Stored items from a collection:

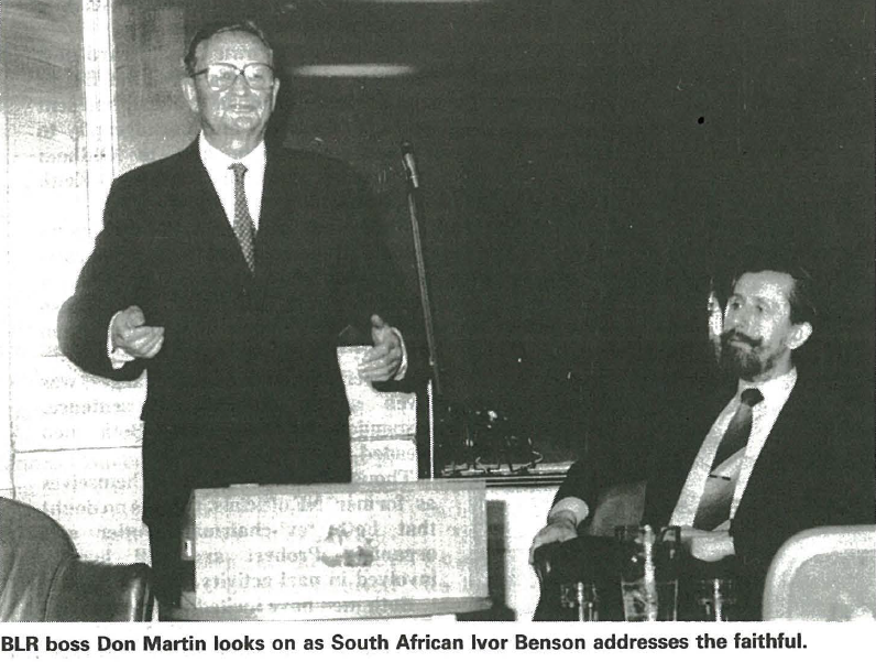 Benson, who went on to become information minister in Ian Smith’s racist administration, was a close friend of Martin, regularly visiting Britain to speak at League of Rights meetings. Martin acted as the UK distributor of Benson’s own magazine, Behind the News.
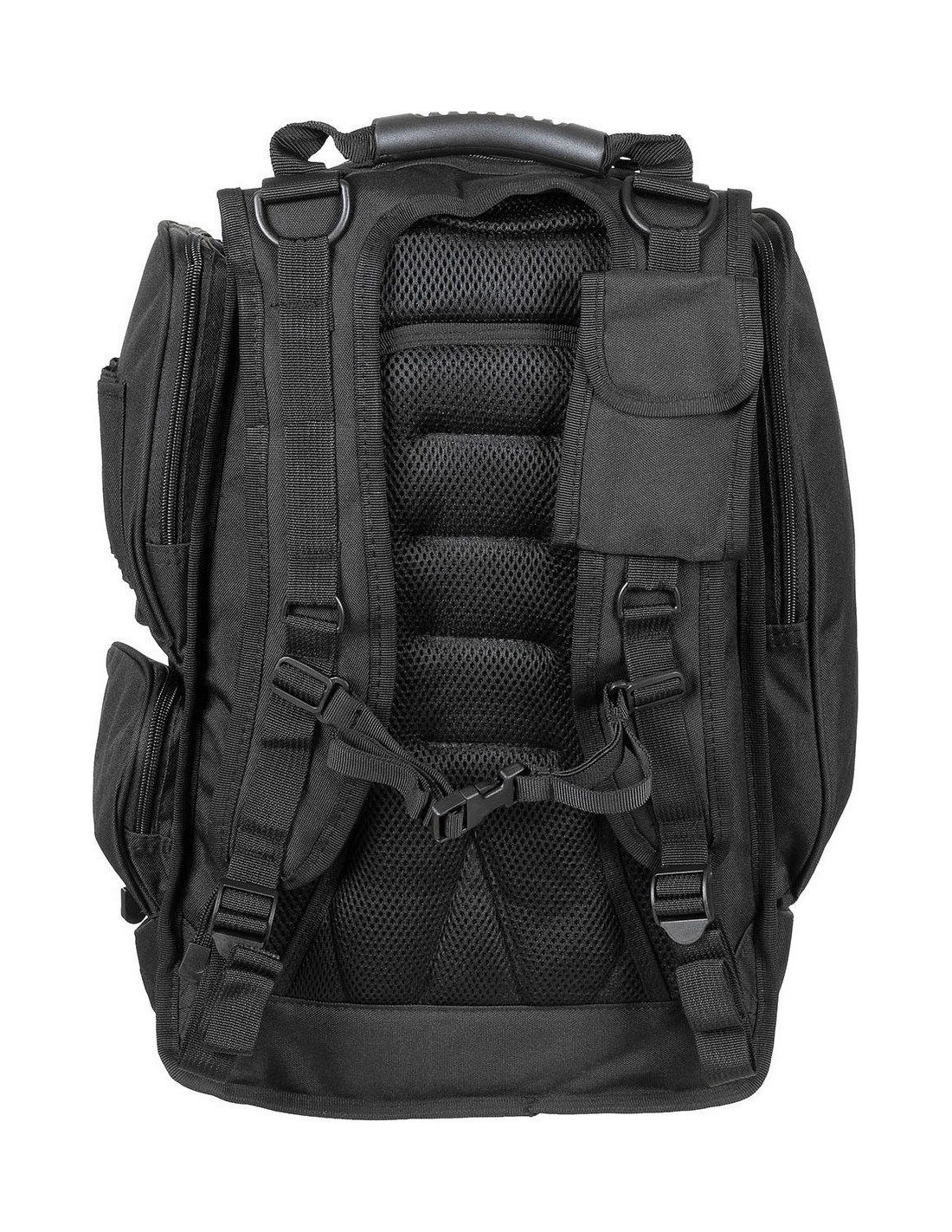 - 1 duża kieszeń z przodu z dwukierunkowym zamkiem błyskawicznym, karabinkiem, różnymi wsuwanymi kieszeniami i 2 rzepami .
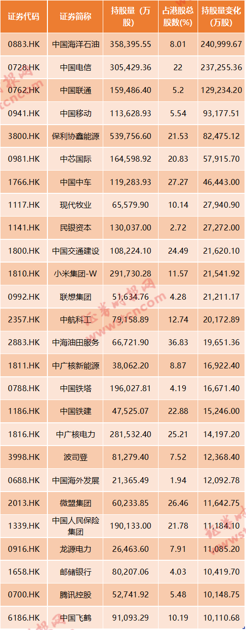 持股增加量排名前三的分别是中国海洋石油、中国电信、中国联通,分别增加了24.1亿股、23.73亿股、12.92亿股。此外,还有23股持股增加量超过1亿股。
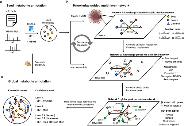 生命体代谢组不仅包含内源性产生的已知代谢物,还包含微生物菌群、植物、食物和其他来源的未知代谢物。这些未知代谢物对生命活动起到重要的调控作用。然而,如何大规模鉴定未知代谢物是当前代谢组学研究中的热点和难点。在前期研究中,朱正江课题组发展了基于代谢反应网络的代谢组学技术MetDNA(Nature Communications, 2019, 10: 1516)。该技术利用代谢反应网络中产物和底物存在结构相似性和二级质谱图相似性的基本原理,设计了代谢物二级质谱图“谱图借用”和“多次迭代”算法,利用标准谱图库鉴定出的代谢物作为种子,依靠代谢反应网络进行代谢物注释的迭代和传递,突破了标准二级质谱图库的覆盖度限制,实现大规模的已知代谢物鉴定。然而该技术仍然存在一些局限:1) 代谢物鉴定传递的过程是仅限于已知代谢反应网络,因此无法用于发现新的未知代谢物;2) 复杂质谱数据中的大量冗余信号 (如同位素峰、加合物峰、中性丢失和源内裂解等)会对代谢物的鉴定造成假阳性。
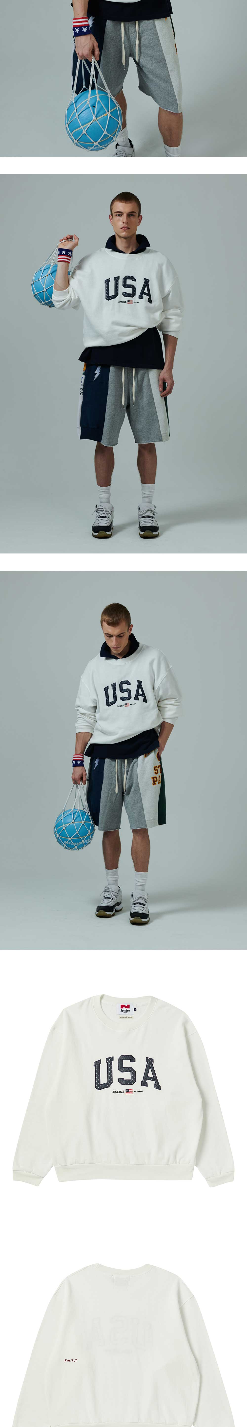 ㆍ컬렉션 라인의 90년대 아메리칸 클래식 무드에서 영감을 받아 제작된 스웻셔츠 ㆍ90년대 방식 제작된 패턴과 중량을 덜어낸 기모 바닥의 스웻 소재를 사용한 오리지널리티의 재해석 ㆍ덤블워싱&텐타가공으로 세탁 후 변형 최소화 ㆍ펀칭된 비건 레더를 레이저 컷팅해 로고로 더한 심볼 ㆍ앞판과 뒤판의 고밀도의 자수로 표현된 슬로건 디테일 ㆍ남녀공용 착용
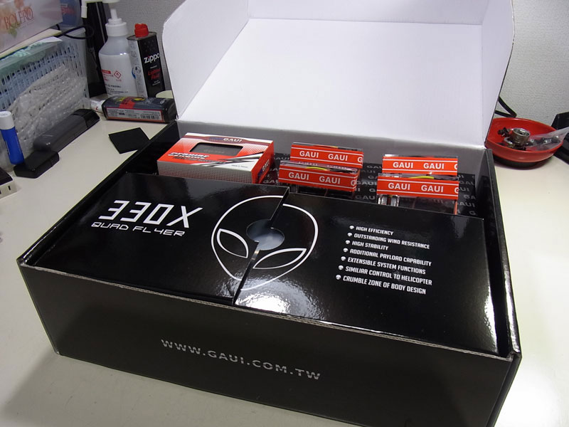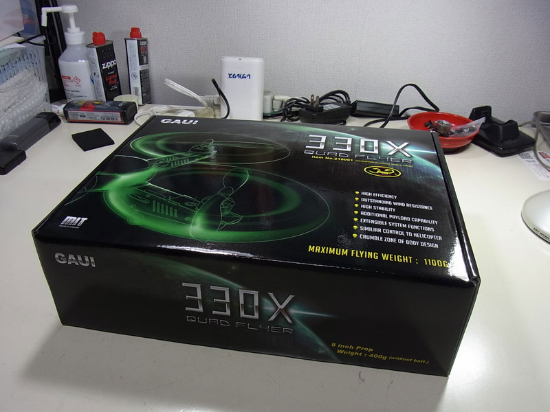 を飛ばすとなると・・・いくら保険をかけているとはいえ、ヘリフライヤーの端くれとして事故のないように努めたいものです。一番安全なのがヘリウムガスのバルーンなんでしょうが、本格的すぎるし操作に難渋しそうなので安定したUAV機をいろいろと物色。ちまたで噂のAR Droneも考えましたがやっぱりラジコンじゃないとね(笑) ・・・ということでGAUIのQuadFlyer、330X-Sを導入しました。最初に買う電動ヘリ?がQuadFlyerとはねぇ・・・。大丈夫かな・・・。
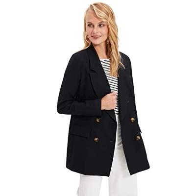 Trendyol Women Oversize Double Breasted Lapel Collar Woven Jacket Navy Blue
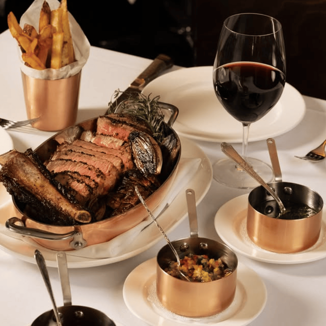 Expect handcrafted empanadas, a vibrant raw bar and crudos, seasonal salads, and house-made pastas. Signature dishes like Lobster Frite, served with hand-cut fries and Béarnaise anchor the menu, alongside exceptional steaks, fish, and shellfish, many prepared with subtle asado inspiration.
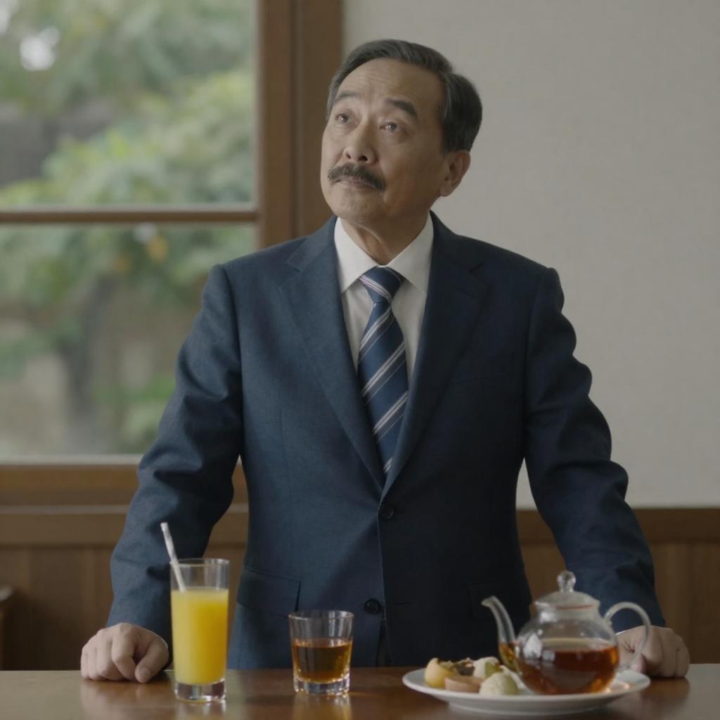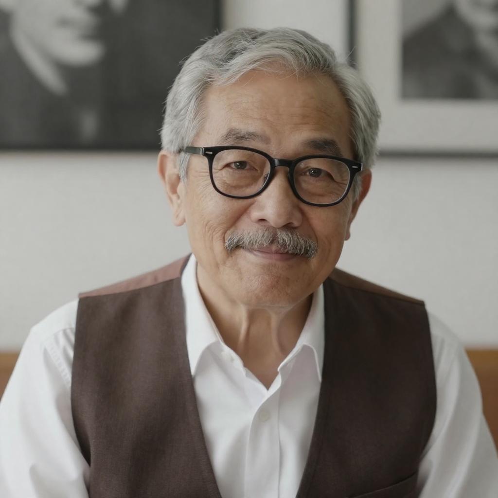 Photograph of an older man with gray hair, a mustache, and round, reflective glasses. He wears a black coat, white shirt, and striped tie. The background is a blurred, indoor setting with a greenish hue. His expression is serious and focused.
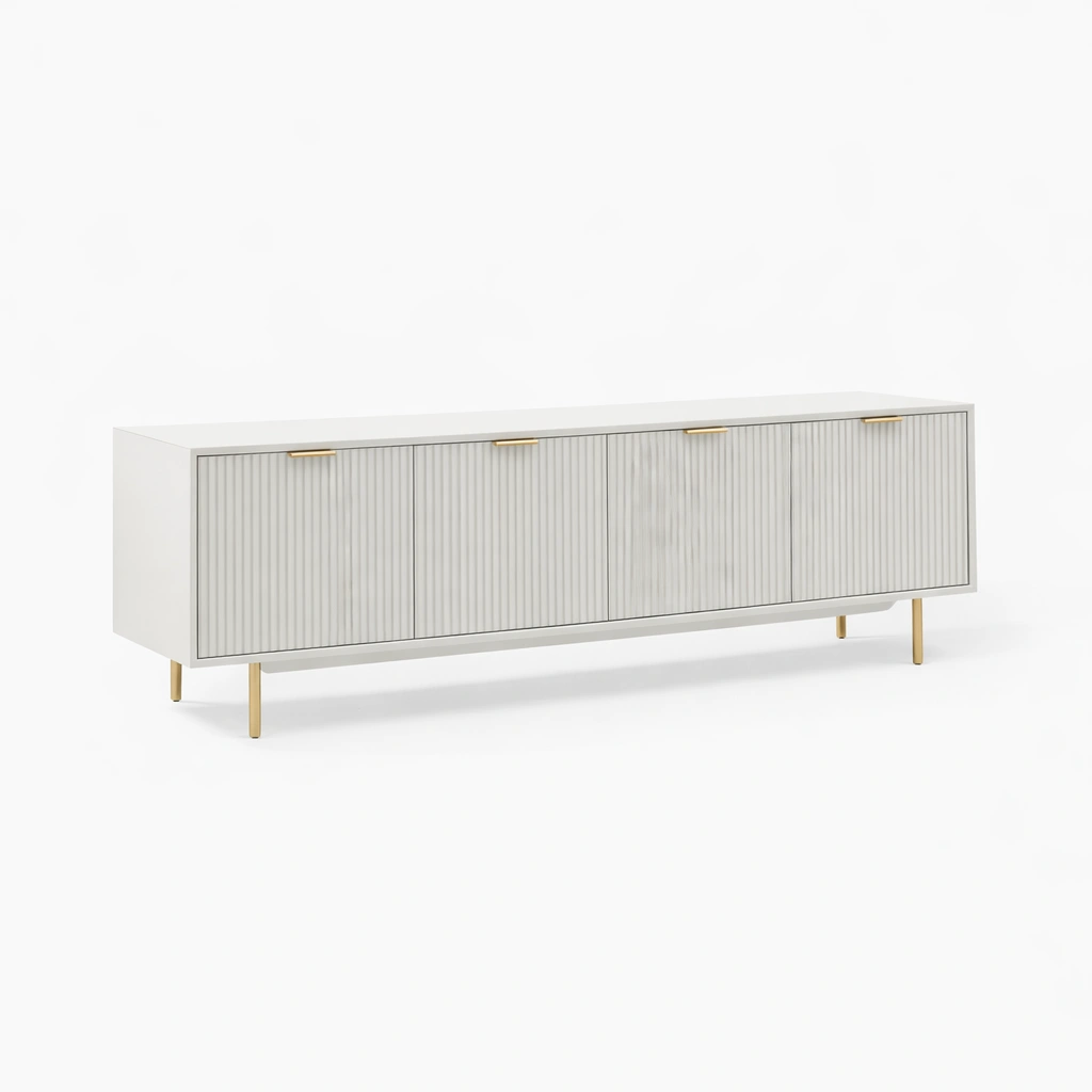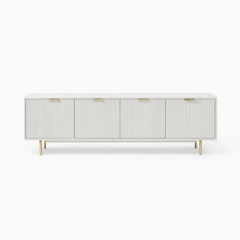 The INTERIORZE Pearl Fluted Teak Wood Media Console is a thoughtfully designed furniture piece created for interiors that appreciate clean lines, soft texture, and understated elegance. Made with a teak wood frame, this media console features a long horizontal silhouette, four fluted front doors, a refined light finish, and slim metallic legs that give the piece a balanced and contemporary presence.
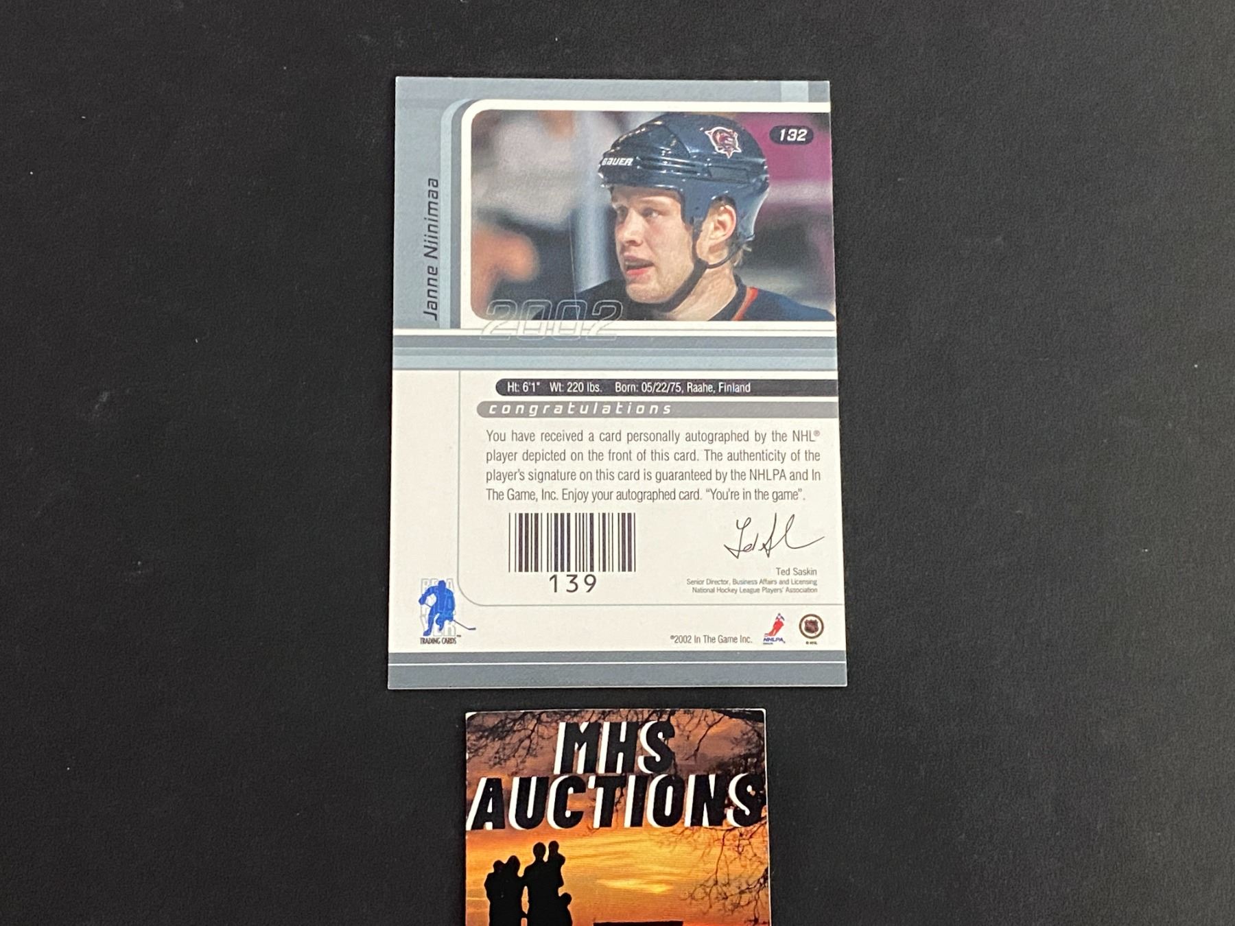 JANNE NIINIMAA 2002 IN THE GAME AUTOGRAPH CARD
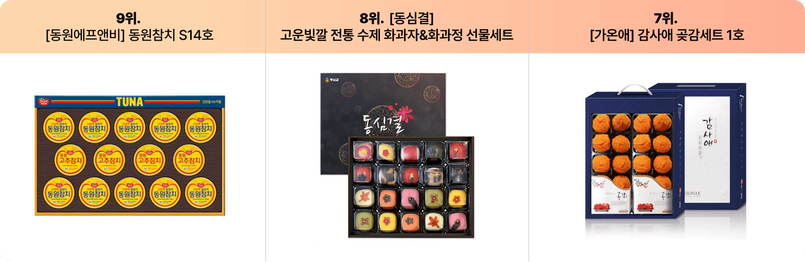 9위. [동원에프앤비] 동원참치 S14호, 8위. [동심결] 고운빛깔 전통 수제 화과자&화과정 선물세트, 7위. [가온애] 감사애 곶감세트 1호
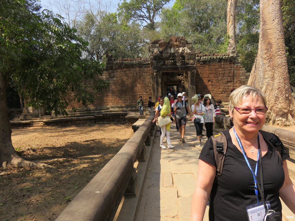 mardi, 9 février 2016, 11 h 3 | Ville: Siem Reap | Angkor | Cambodge | Ta Prohm qui fût le plus vaste temple dAngkor, aujourdhui livré à la jungle. Les conservateurs lont laissé intact, permettant ainsi aux visiteurs actuels den ressentir le mystère. Situé un kilomètre à l'est d'Angkor Thom, sur le bord sud du baray oriental, il a été construit sous le règne de Jayavarman VII comme monastère et université bouddhique Mahayana sous le nom Rajavihara (le monastère du roi). Jayavarman VII est le seul roi khmer à avoir édifié deux grands temples. Le premier des deux, Ta Prohm fut consacré en 1186 et dédié à la famille du roi : l'idole principale (Prajnaparamita, la personnification de la sagesse) a pris modèle sur sa mère, tandis que les deux temples satellites de la troisième enceinte étaient consacrés l'un à son guru (nord) et l'autre à son frère aîné (sud). Wikipédia. | GPS: 13°26'5.39" N | 103°53'18.43" E | © Marcel Walter Landry | Fichier: IMG_2618.JPG
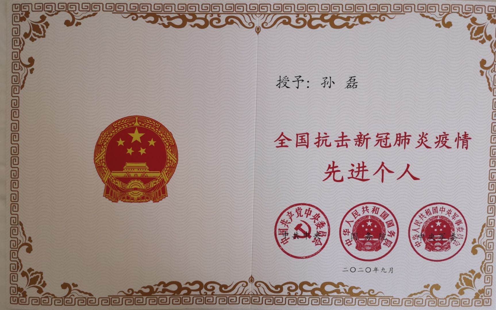 【香港商報網訊】9月8日10時,全國抗擊新冠肺炎疫情表彰大會在北京人民大會堂隆重舉行。中共中央總書記、國家主席、中央軍委主席習近平將向國家勳章和國家榮譽稱號獲得者頒授勳章。哈爾濱市第一醫院援鄂醫療隊員、重症醫學科孫磊受到表彰。

◆ ABOUT THIS EXERCISE
Each entry must be reproduced word for word, and any image among them left out.

◆ SOLUTION BELOW
 Benson, who went on to become information minister in Ian Smith’s racist administration, was a close friend of Martin, regularly visiting Britain to speak at League of Rights meetings. Martin acted as the UK distributor of Benson’s own magazine, Behind the News.
 - 1 duża kieszeń z przodu z dwukierunkowym zamkiem błyskawicznym, karabinkiem, różnymi wsuwanymi kieszeniami i 2 rzepami .
 持股增加量排名前三的分别是中国海洋石油、中国电信、中国联通,分别增加了24.1亿股、23.73亿股、12.92亿股。此外,还有23股持股增加量超过1亿股。
 生命体代谢组不仅包含内源性产生的已知代谢物,还包含微生物菌群、植物、食物和其他来源的未知代谢物。这些未知代谢物对生命活动起到重要的调控作用。然而,如何大规模鉴定未知代谢物是当前代谢组学研究中的热点和难点。在前期研究中,朱正江课题组发展了基于代谢反应网络的代谢组学技术MetDNA(Nature Communications, 2019, 10: 1516)。该技术利用代谢反应网络中产物和底物存在结构相似性和二级质谱图相似性的基本原理,设计了代谢物二级质谱图“谱图借用”和“多次迭代”算法,利用标准谱图库鉴定出的代谢物作为种子,依靠代谢反应网络进行代谢物注释的迭代和传递,突破了标准二级质谱图库的覆盖度限制,实现大规模的已知代谢物鉴定。然而该技术仍然存在一些局限:1) 代谢物鉴定传递的过程是仅限于已知代谢反应网络,因此无法用于发现新的未知代谢物;2) 复杂质谱数据中的大量冗余信号 (如同位素峰、加合物峰、中性丢失和源内裂解等)会对代谢物的鉴定造成假阳性。
 ㆍ컬렉션 라인의 90년대 아메리칸 클래식 무드에서 영감을 받아 제작된 스웻셔츠 ㆍ90년대 방식 제작된 패턴과 중량을 덜어낸 기모 바닥의 스웻 소재를 사용한 오리지널리티의 재해석 ㆍ덤블워싱&텐타가공으로 세탁 후 변형 최소화 ㆍ펀칭된 비건 레더를 레이저 컷팅해 로고로 더한 심볼 ㆍ앞판과 뒤판의 고밀도의 자수로 표현된 슬로건 디테일 ㆍ남녀공용 착용
 を飛ばすとなると・・・いくら保険をかけているとはいえ、ヘリフライヤーの端くれとして事故のないように努めたいものです。一番安全なのがヘリウムガスのバルーンなんでしょうが、本格的すぎるし操作に難渋しそうなので安定したUAV機をいろいろと物色。ちまたで噂のAR Droneも考えましたがやっぱりラジコンじゃないとね(笑) ・・・ということでGAUIのQuadFlyer、330X-Sを導入しました。最初に買う電動ヘリ?がQuadFlyerとはねぇ・・・。大丈夫かな・・・。
 Trendyol Women Oversize Double Breasted Lapel Collar Woven Jacket Navy Blue
 Expect handcrafted empanadas, a vibrant raw bar and crudos, seasonal salads, and house-made pastas. Signature dishes like Lobster Frite, served with hand-cut fries and Béarnaise anchor the menu, alongside exceptional steaks, fish, and shellfish, many prepared with subtle asado inspiration.
 Photograph of an older man with gray hair, a mustache, and round, reflective glasses. He wears a black coat, white shirt, and striped tie. The background is a blurred, indoor setting with a greenish hue. His expression is serious and focused.
 The INTERIORZE Pearl Fluted Teak Wood Media Console is a thoughtfully designed furniture piece created for interiors that appreciate clean lines, soft texture, and understated elegance. Made with a teak wood frame, this media console features a long horizontal silhouette, four fluted front doors, a refined light finish, and slim metallic legs that give the piece a balanced and contemporary presence.
 JANNE NIINIMAA 2002 IN THE GAME AUTOGRAPH CARD
 9위. [동원에프앤비] 동원참치 S14호, 8위. [동심결] 고운빛깔 전통 수제 화과자&화과정 선물세트, 7위. [가온애] 감사애 곶감세트 1호
 mardi, 9 février 2016, 11 h 3 | Ville: Siem Reap | Angkor | Cambodge | Ta Prohm qui fût le plus vaste temple dAngkor, aujourdhui livré à la jungle. Les conservateurs lont laissé intact, permettant ainsi aux visiteurs actuels den ressentir le mystère. Situé un kilomètre à l'est d'Angkor Thom, sur le bord sud du baray oriental, il a été construit sous le règne de Jayavarman VII comme monastère et université bouddhique Mahayana sous le nom Rajavihara (le monastère du roi). Jayavarman VII est le seul roi khmer à avoir édifié deux grands temples. Le premier des deux, Ta Prohm fut consacré en 1186 et dédié à la famille du roi : l'idole principale (Prajnaparamita, la personnification de la sagesse) a pris modèle sur sa mère, tandis que les deux temples satellites de la troisième enceinte étaient consacrés l'un à son guru (nord) et l'autre à son frère aîné (sud). Wikipédia. | GPS: 13°26'5.39" N | 103°53'18.43" E | © Marcel Walter Landry | Fichier: IMG_2618.JPG
 【香港商報網訊】9月8日10時,全國抗擊新冠肺炎疫情表彰大會在北京人民大會堂隆重舉行。中共中央總書記、國家主席、中央軍委主席習近平將向國家勳章和國家榮譽稱號獲得者頒授勳章。哈爾濱市第一醫院援鄂醫療隊員、重症醫學科孫磊受到表彰。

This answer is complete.